Plot is about the sequence of events that make up the storyline. 

You are claiming that the plot is "Naruto", but you forgot completly that the key character in Naruto's(the character) plot is Sasuke. Ie: the sequence of events that have made up Naruto's own storyline up to this point heavily involve Sasuke. It was Sasuke who has been Naruto's rival and motivation, it was Sasuke who kept influencing Naruto with his sole existence and at the same time with his actions(protecting Naruto and declaring things about protecting his friends at first - _its hilarious how Naruto has learned to protect his friends throught Sasuke_ - and then leaving konoha and motivating Naruto to go all the way throught to save him, Naruto's motivation to save Sasuke is nothing but a consequence of what Sasuke has been to him from the start, until he left Konoha), cant you see this? Look at the whole part 1 and try to tell me how Naruto's own story would have progressed without Sasuke... he caused the events and sequences that made Naruto go ahead.

Thats why its safe to say that Naruto's own plot would not be how we know it without Sasuke, he has influenced the whole thing, and without him, we would be reading a different manga, and here im talking about Naruto's own storyline, the character Naruto. 

Aside from influencing Naruto's own path so much, Sasuke also has his own storyline.

Basically, to have an idea of what Sasuke means to Naruto's own plot, *try to imagine Sasuke's story without Itachi.*

Btw, i will stop here, the predictions thread is not made for this kind of discussion.
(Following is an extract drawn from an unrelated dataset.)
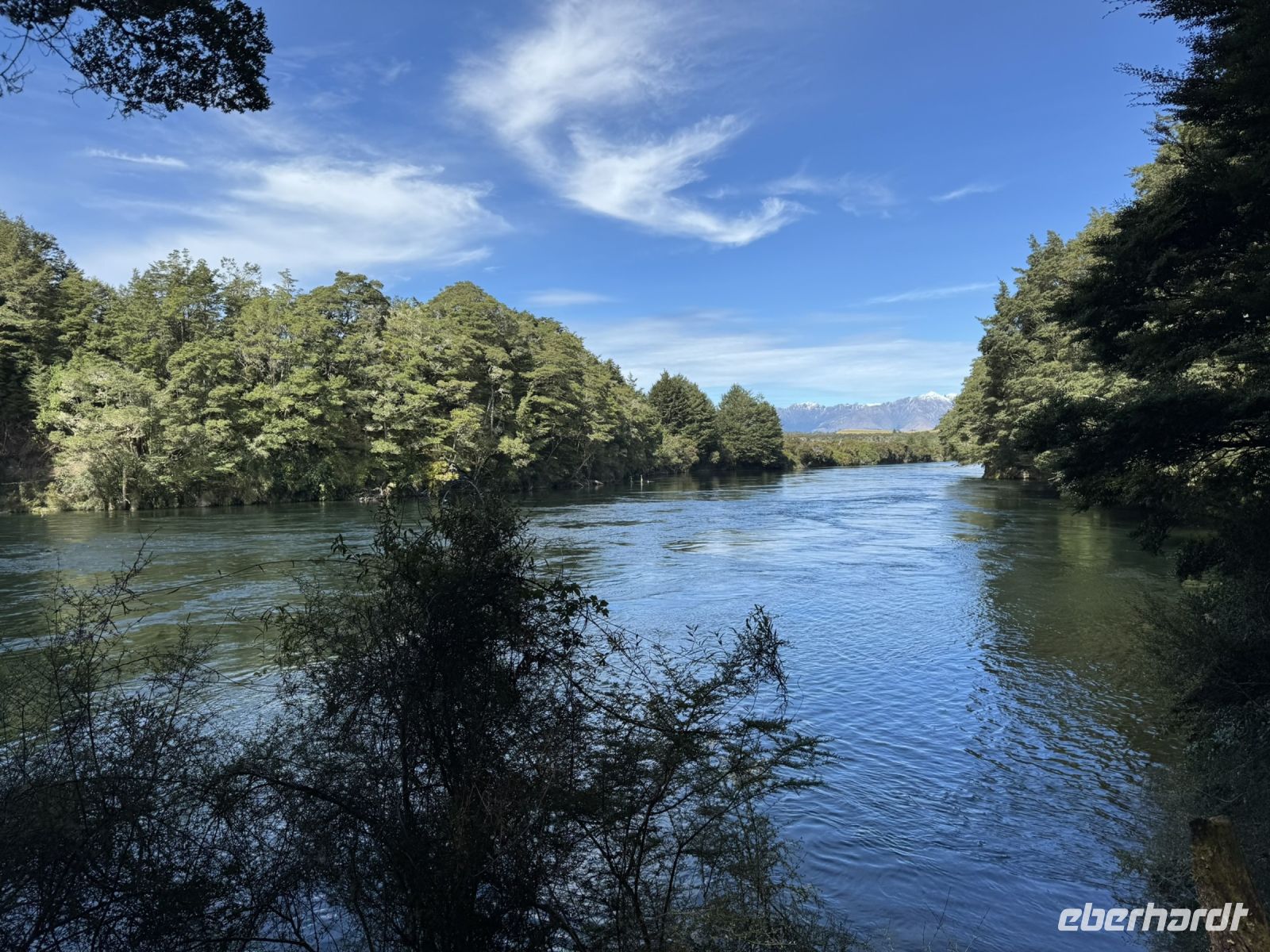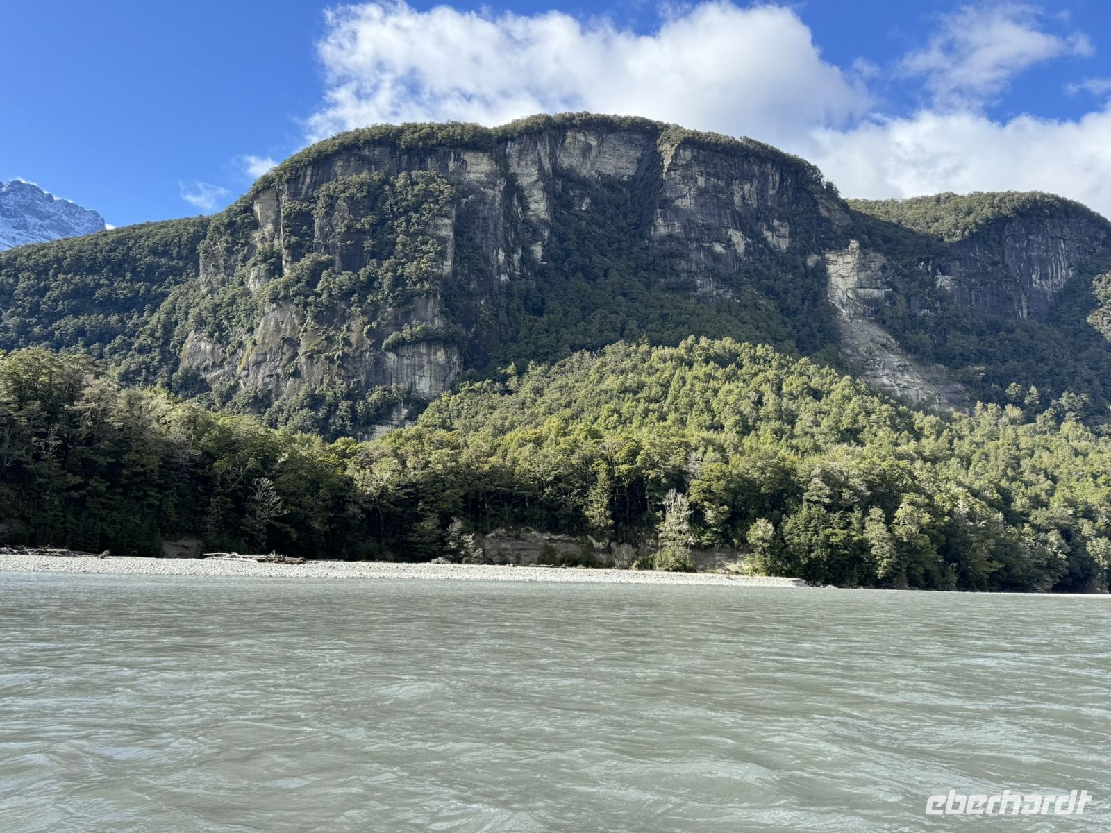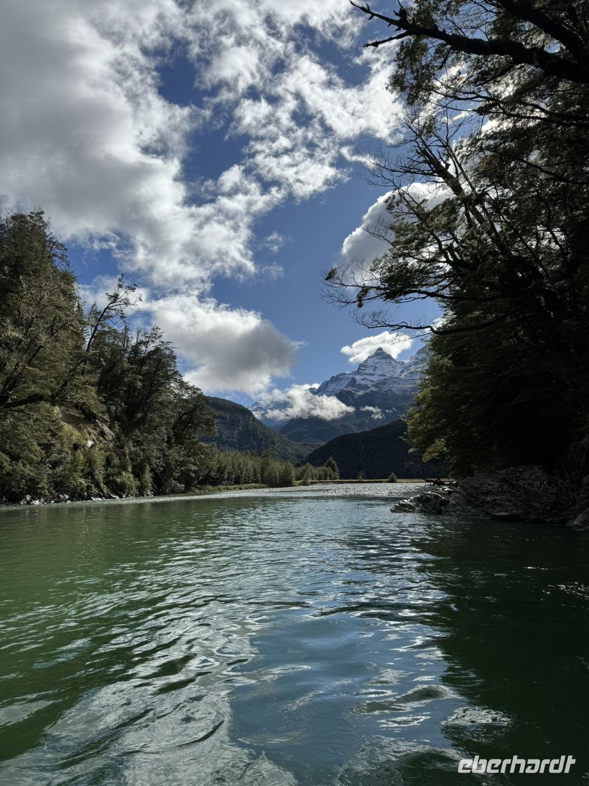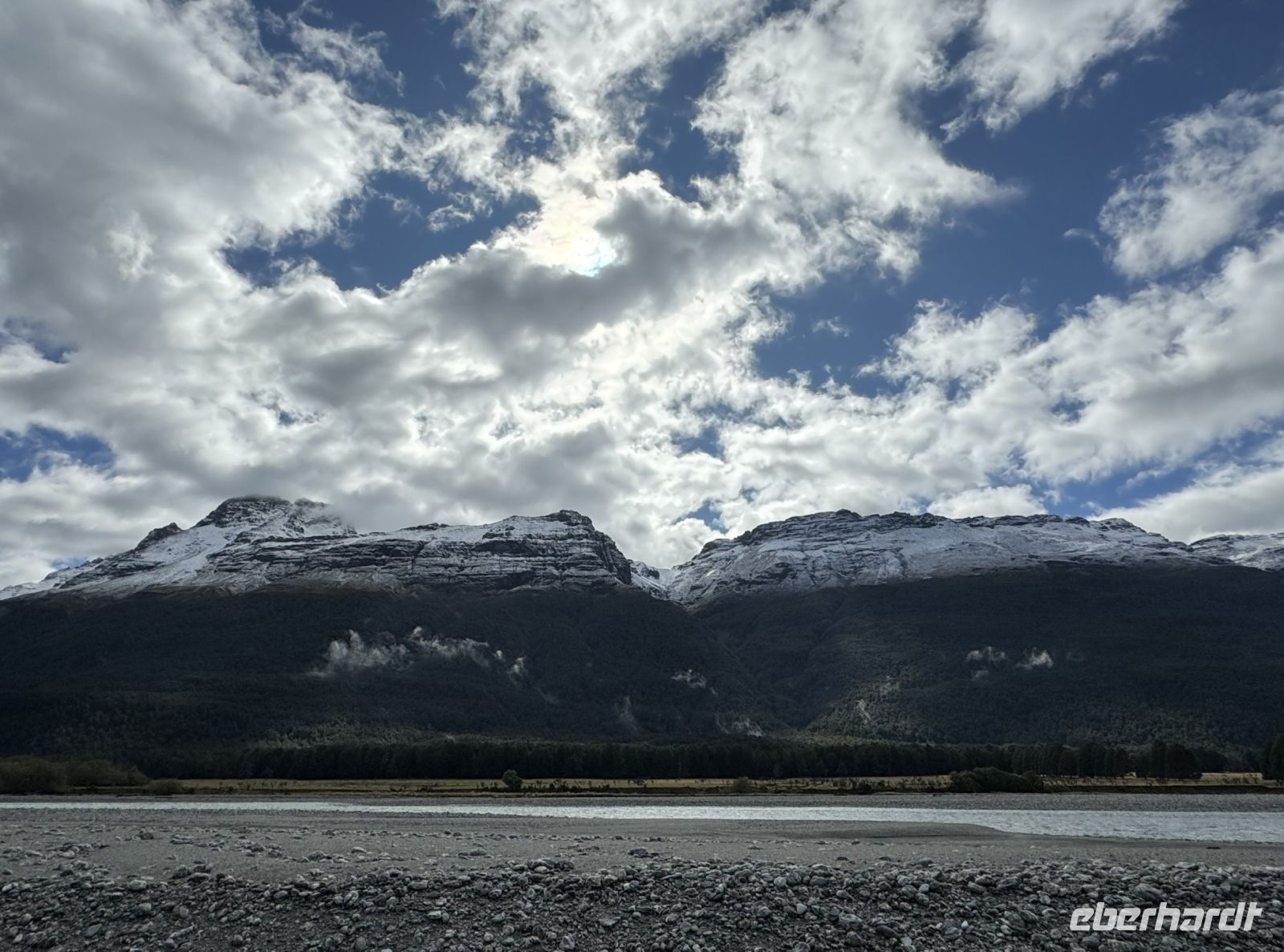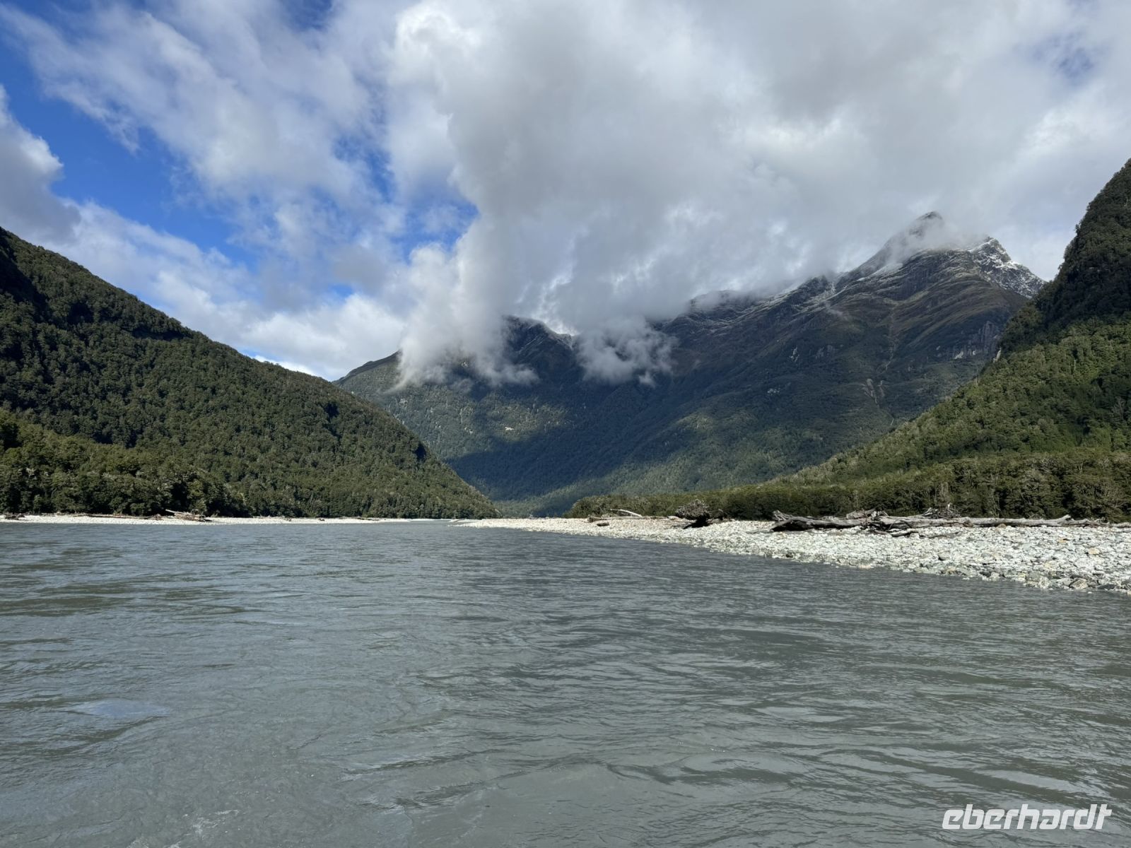 Eine andere Möglichkeit war die Dart River Safari von Glenorchy zum Dart River und nach Paradise. Unser Abenteuer begann mit einer entspannten Busfahrt entlang des Wakatipu-Sees mit schönen Ausblicken zu den Südalpen bis zum Dorf Glenorchy. Da verließen wir unseren Bus und wurden gut für unsere Bootsfahrt vorbereitet. In unser Jet Boot eingestiegen, begann die lustige und rasante Fahrt! Zunächst fuhren wir auf dem See und anschließend auf dem Dart River und drehten hier unsere Runden. Außerdem konnte man alle Berge ganz klar sehen und etwas mehr darüber kennenlernen. In dieser schönen Gegend wurde Isengard von "Der Herr der Ringe" gedreht.

But i have the feeling that you are just not getting what people truly mean when they say that Sasuke is just as important as Naruto when it comes to the storyline.

And obviously, whoever claims that Naruto is less important than Sasuke is just wrong, but whoever claims that Sasuke is just a secondary character is just as wrong.


----------



## drunk kitsune (Aug 19, 2012)

Jeαnne said:


> Basically, to have an idea of what Sasuke means to Naruto's own plot, *try to imagine Sasuke's story without Itachi.*



So if the manga were about Sasuke and was called 'Sasuke,' you would be ok with people saying it should be called 'Itachi' ?


----------



## AoshiKun (Aug 19, 2012)

That always happen when you don't have spoilers, the prediction thread goes off-topic


----------



## Octavian (Aug 19, 2012)

don't like sauce's current personality  but he's equally important to the storyline. in fact, this was cemented by the introduction of the rikudo sennin as he embodies both their aspects.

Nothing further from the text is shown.